What is needed
Copy every line of the records exactly, without including the images.
Material for this task Block Start
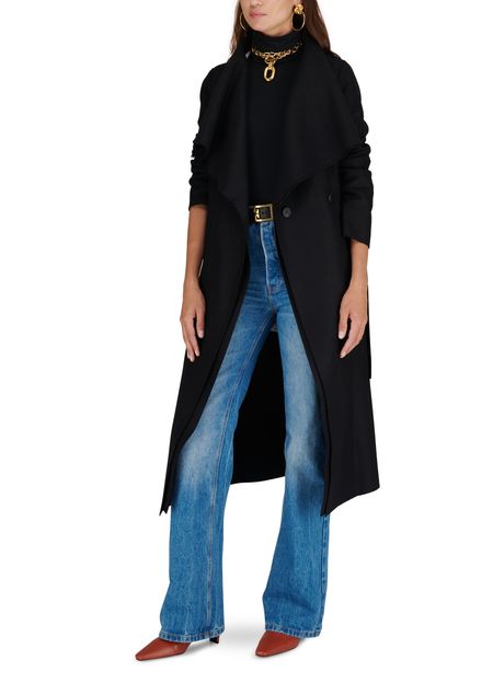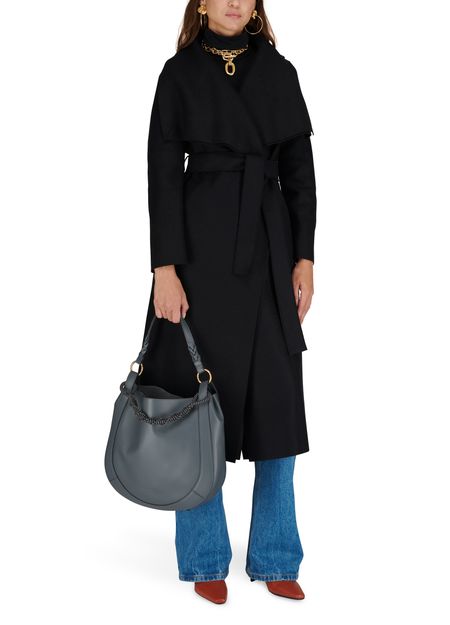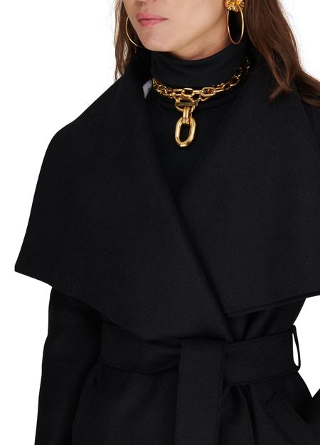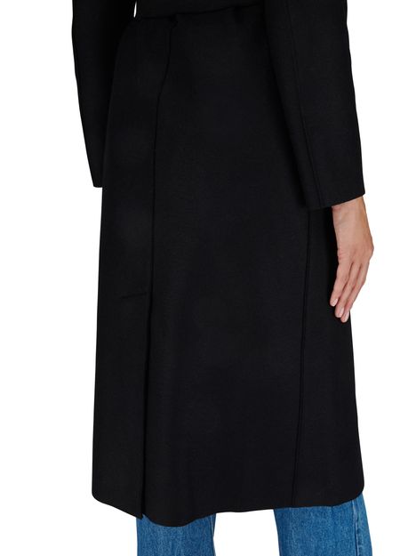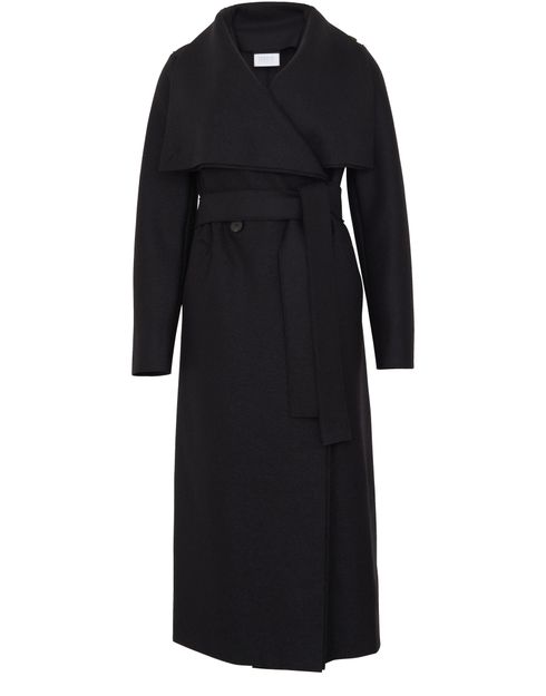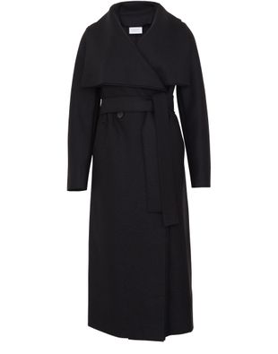 Der weite Mantel Volcano aus gepresster Wolle von Harris Wharf wird mit einem Knopf an der gegenüberliegenden Schulter sowie an der Taille geschlossen.
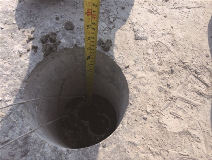 | 图 2 旧水泥混凝土层的温度传感器埋设 Fig. 2 Temperature sensors buried in previous cement concrete layer |
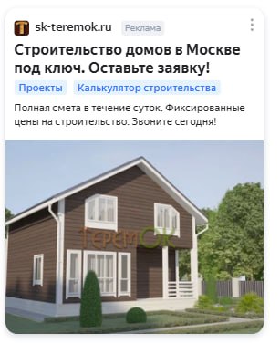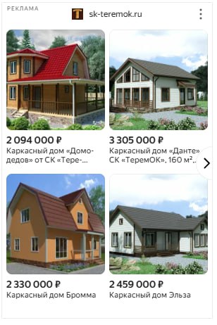 Это позволило показывать пользователю не просто текст, а объявление с карточкой проекта, фото, ценой и параметрами дома — что заметно увеличило CTR и качество переходов.
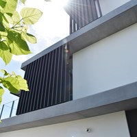 La vitrine de l'espace commercial FortyFour au rez-de-chaussée s'étend sur toute la largeur de la façade, interrompue par l'entrée des appartements situés au-dessus. Ici, les lames verticales DucoSun Cubic ont été utilisées avec reconnaissance pour garder la porte d'entrée quelque peu hors de vue. La combinaison des auvents en béton et des lames verticales DucoSun Cubic offre une transition idéale vers les appartements, ainsi qu'une ligne épurée de l'ensemble.
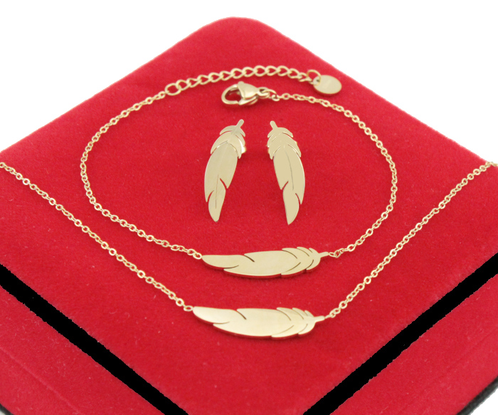 Набір прикрас, золоте намисто з хірургічної сталі, браслет і сережки-гвоздики, мотив пір’я
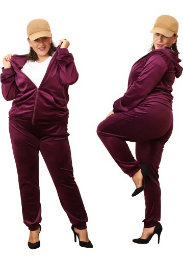 ЖЕНСКИЙ ВЕЛЮРОВЫЙ СПОРТИВНЫЙ КОМПЛЕКТ СВИТШОТ С КАПЮШОНОМ, РАЗМЕР ПЛЮС XXL
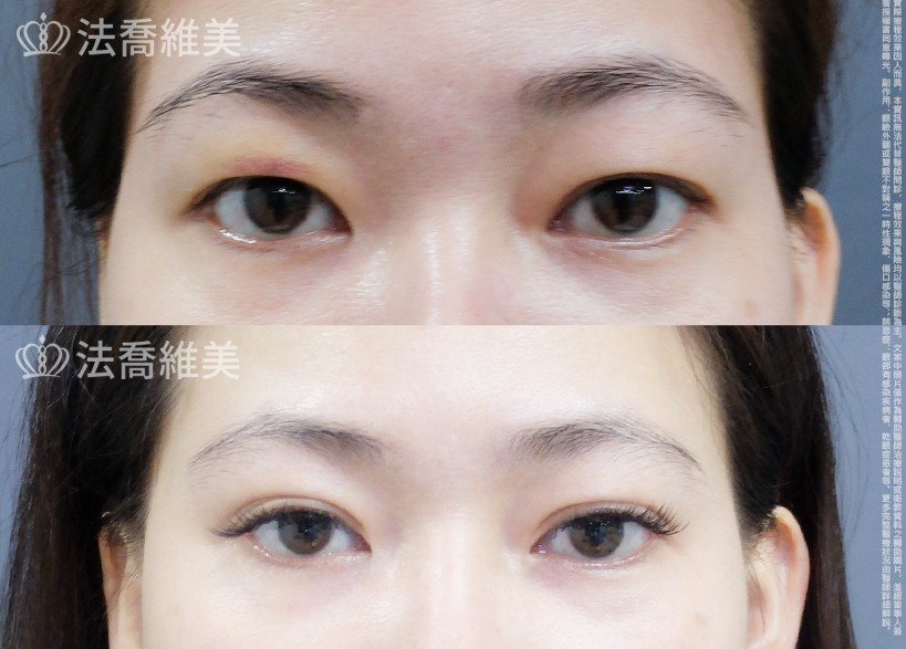 - 割雙眼皮併眼瞼肌提拉術因同時處理眼皮摺痕與提眼眼肌,術後可能會出現暫時性上眼皮閉合不全之情況。
Material for this task Block End
Written answer
 Der weite Mantel Volcano aus gepresster Wolle von Harris Wharf wird mit einem Knopf an der gegenüberliegenden Schulter sowie an der Taille geschlossen.
 | 图 2 旧水泥混凝土层的温度传感器埋设 Fig. 2 Temperature sensors buried in previous cement concrete layer |
 Это позволило показывать пользователю не просто текст, а объявление с карточкой проекта, фото, ценой и параметрами дома — что заметно увеличило CTR и качество переходов.
 La vitrine de l'espace commercial FortyFour au rez-de-chaussée s'étend sur toute la largeur de la façade, interrompue par l'entrée des appartements situés au-dessus. Ici, les lames verticales DucoSun Cubic ont été utilisées avec reconnaissance pour garder la porte d'entrée quelque peu hors de vue. La combinaison des auvents en béton et des lames verticales DucoSun Cubic offre une transition idéale vers les appartements, ainsi qu'une ligne épurée de l'ensemble.
 Набір прикрас, золоте намисто з хірургічної сталі, браслет і сережки-гвоздики, мотив пір’я
 ЖЕНСКИЙ ВЕЛЮРОВЫЙ СПОРТИВНЫЙ КОМПЛЕКТ СВИТШОТ С КАПЮШОНОМ, РАЗМЕР ПЛЮС XXL
 - 割雙眼皮併眼瞼肌提拉術因同時處理眼皮摺痕與提眼眼肌,術後可能會出現暫時性上眼皮閉合不全之情況。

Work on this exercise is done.